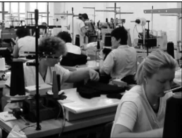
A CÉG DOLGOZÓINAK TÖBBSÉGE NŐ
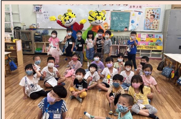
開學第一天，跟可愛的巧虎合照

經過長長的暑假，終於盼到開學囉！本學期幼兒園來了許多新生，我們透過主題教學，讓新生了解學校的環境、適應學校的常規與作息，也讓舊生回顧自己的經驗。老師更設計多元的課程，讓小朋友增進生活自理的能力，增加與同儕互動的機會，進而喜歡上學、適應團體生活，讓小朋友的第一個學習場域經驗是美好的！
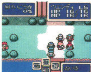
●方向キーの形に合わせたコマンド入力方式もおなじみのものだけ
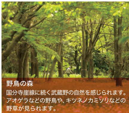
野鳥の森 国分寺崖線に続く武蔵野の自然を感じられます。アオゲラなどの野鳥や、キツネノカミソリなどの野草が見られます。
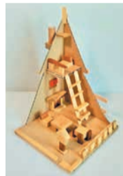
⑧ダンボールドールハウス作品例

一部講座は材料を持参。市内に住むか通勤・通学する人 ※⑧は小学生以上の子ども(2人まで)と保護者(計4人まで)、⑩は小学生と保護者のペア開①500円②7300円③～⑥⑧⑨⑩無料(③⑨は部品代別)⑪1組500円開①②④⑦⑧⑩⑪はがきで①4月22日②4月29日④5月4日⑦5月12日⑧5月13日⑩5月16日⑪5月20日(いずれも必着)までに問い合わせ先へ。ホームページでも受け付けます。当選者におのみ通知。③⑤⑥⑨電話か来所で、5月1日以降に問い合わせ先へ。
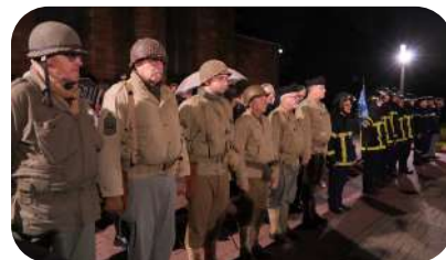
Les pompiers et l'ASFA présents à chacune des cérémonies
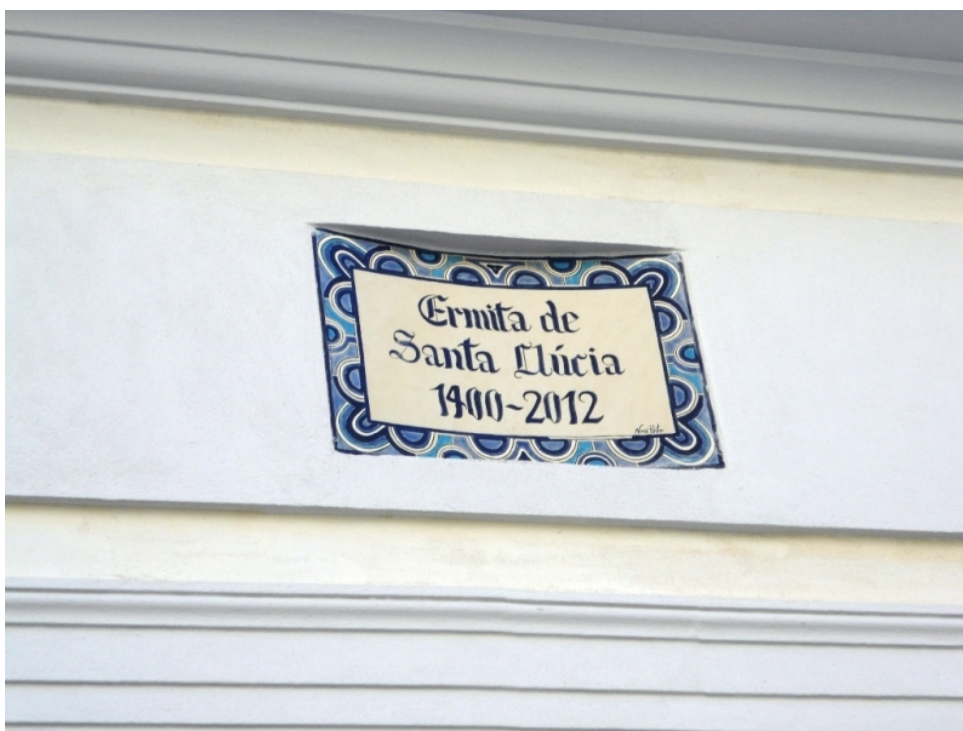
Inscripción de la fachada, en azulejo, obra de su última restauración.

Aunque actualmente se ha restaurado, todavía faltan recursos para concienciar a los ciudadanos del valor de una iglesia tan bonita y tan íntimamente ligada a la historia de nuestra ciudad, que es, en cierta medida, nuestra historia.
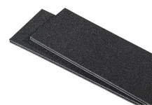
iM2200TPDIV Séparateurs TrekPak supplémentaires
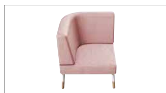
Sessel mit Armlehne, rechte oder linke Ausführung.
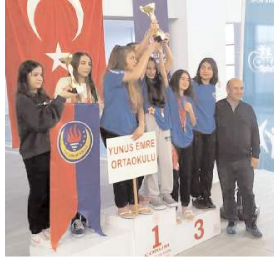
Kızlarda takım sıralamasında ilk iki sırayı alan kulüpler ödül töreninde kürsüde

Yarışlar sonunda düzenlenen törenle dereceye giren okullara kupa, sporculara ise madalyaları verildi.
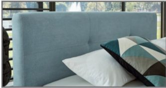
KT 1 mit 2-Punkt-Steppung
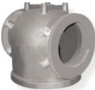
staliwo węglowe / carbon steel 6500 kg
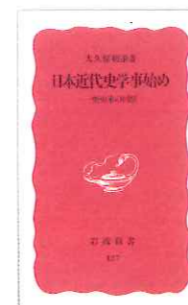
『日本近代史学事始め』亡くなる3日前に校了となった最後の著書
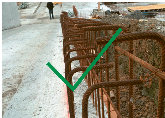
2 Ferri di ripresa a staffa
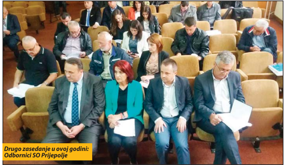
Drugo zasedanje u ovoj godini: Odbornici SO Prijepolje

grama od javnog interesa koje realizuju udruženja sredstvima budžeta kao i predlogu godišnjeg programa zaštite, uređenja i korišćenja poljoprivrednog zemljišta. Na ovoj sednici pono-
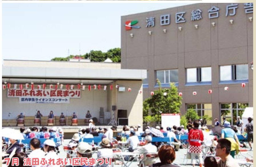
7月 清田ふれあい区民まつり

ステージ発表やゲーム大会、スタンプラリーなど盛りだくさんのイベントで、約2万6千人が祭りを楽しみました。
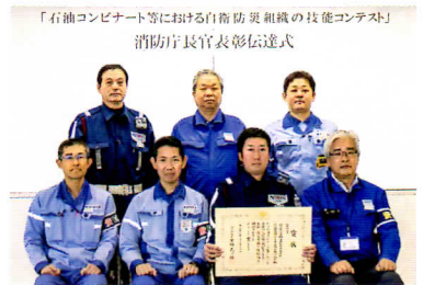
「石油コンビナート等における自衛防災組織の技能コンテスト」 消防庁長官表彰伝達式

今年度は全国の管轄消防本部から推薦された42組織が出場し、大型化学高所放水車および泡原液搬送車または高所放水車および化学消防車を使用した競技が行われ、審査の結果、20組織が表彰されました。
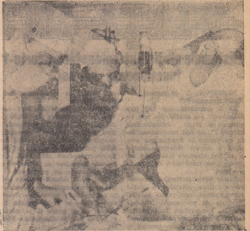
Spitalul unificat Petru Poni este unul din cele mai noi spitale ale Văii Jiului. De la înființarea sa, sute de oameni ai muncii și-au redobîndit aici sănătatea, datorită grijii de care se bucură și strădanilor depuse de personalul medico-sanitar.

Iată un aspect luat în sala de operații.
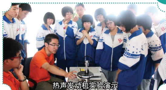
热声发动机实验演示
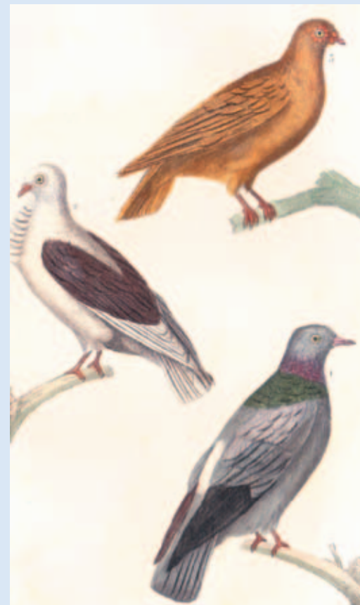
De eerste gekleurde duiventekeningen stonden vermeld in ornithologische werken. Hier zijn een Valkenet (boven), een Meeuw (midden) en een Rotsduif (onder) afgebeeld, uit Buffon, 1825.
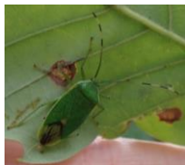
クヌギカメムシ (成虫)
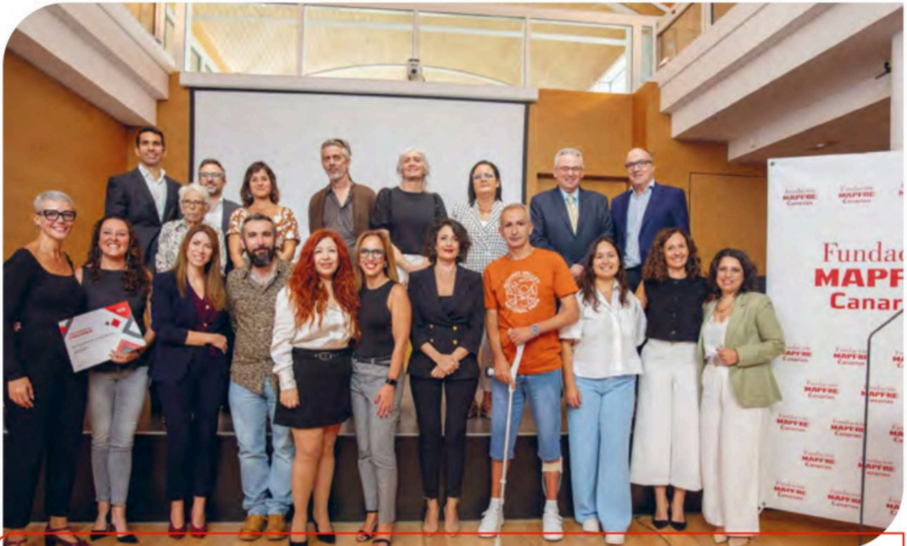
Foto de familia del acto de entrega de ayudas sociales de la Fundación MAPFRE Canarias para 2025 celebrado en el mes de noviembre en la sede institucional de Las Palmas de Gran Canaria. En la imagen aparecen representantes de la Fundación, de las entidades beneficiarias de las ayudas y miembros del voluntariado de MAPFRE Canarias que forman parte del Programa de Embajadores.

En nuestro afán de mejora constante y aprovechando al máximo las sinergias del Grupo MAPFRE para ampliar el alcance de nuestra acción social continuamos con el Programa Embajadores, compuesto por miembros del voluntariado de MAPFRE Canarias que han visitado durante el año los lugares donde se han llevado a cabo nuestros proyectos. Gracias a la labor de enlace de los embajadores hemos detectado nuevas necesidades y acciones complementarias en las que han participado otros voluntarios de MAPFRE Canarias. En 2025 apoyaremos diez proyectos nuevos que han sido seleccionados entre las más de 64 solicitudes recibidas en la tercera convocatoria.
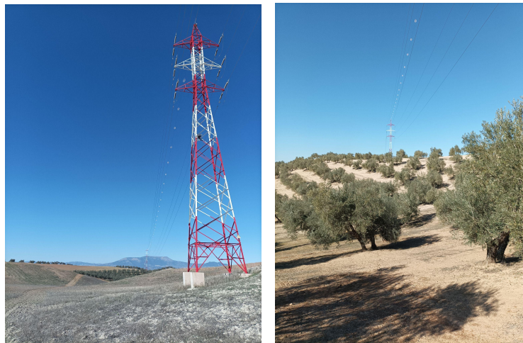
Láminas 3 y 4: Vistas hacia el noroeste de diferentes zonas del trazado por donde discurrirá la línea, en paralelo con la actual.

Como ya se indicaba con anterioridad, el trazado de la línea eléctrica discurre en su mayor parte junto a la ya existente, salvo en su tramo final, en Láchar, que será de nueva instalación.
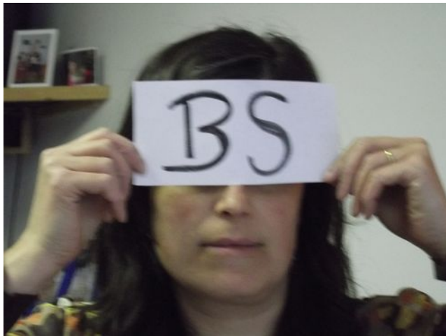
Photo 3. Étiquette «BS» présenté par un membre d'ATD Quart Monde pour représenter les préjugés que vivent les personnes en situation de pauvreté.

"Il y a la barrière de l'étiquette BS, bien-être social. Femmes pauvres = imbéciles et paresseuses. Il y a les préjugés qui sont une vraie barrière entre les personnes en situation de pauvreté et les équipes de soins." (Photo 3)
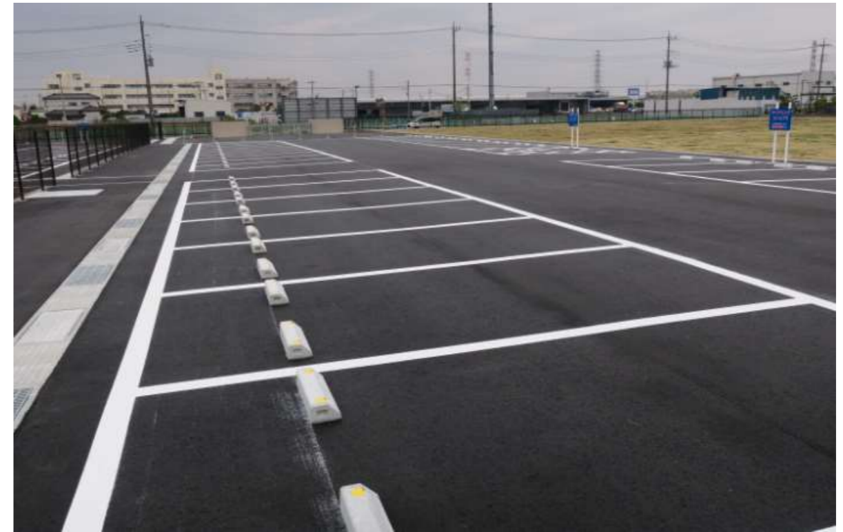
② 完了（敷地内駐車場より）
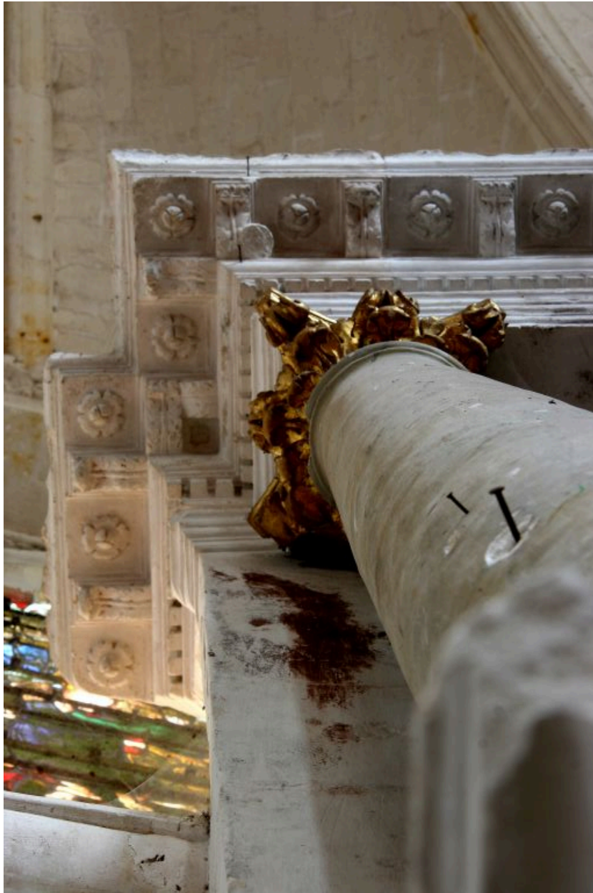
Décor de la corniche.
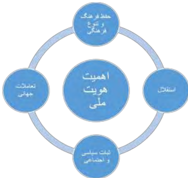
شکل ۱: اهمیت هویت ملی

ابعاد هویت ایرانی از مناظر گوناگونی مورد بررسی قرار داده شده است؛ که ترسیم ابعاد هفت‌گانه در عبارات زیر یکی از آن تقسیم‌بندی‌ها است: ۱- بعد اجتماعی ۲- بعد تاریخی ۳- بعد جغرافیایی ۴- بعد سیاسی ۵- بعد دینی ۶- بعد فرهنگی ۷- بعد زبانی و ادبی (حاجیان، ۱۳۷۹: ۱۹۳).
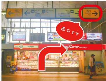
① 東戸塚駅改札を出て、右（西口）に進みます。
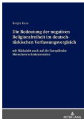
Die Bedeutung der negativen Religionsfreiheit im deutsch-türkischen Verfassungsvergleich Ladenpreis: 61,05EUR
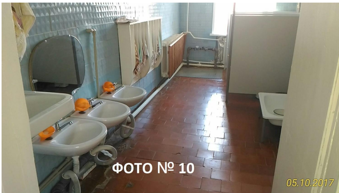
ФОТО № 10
====================
Begin with the line that has "ابعاد هویت ایرانی" and continue to the last line of the entries, printing each line exactly and nothing else; include both ends and skip the pictures.

YOUR RESPONSE
ابعاد هویت ایرانی از مناظر گوناگونی مورد بررسی قرار داده شده است؛ که ترسیم ابعاد هفت‌گانه در عبارات زیر یکی از آن تقسیم‌بندی‌ها است: ۱- بعد اجتماعی ۲- بعد تاریخی ۳- بعد جغرافیایی ۴- بعد سیاسی ۵- بعد دینی ۶- بعد فرهنگی ۷- بعد زبانی و ادبی (حاجیان، ۱۳۷۹: ۱۹۳).
① 東戸塚駅改札を出て、右（西口）に進みます。
Die Bedeutung der negativen Religionsfreiheit im deutsch-türkischen Verfassungsvergleich Ladenpreis: 61,05EUR
ФОТО № 10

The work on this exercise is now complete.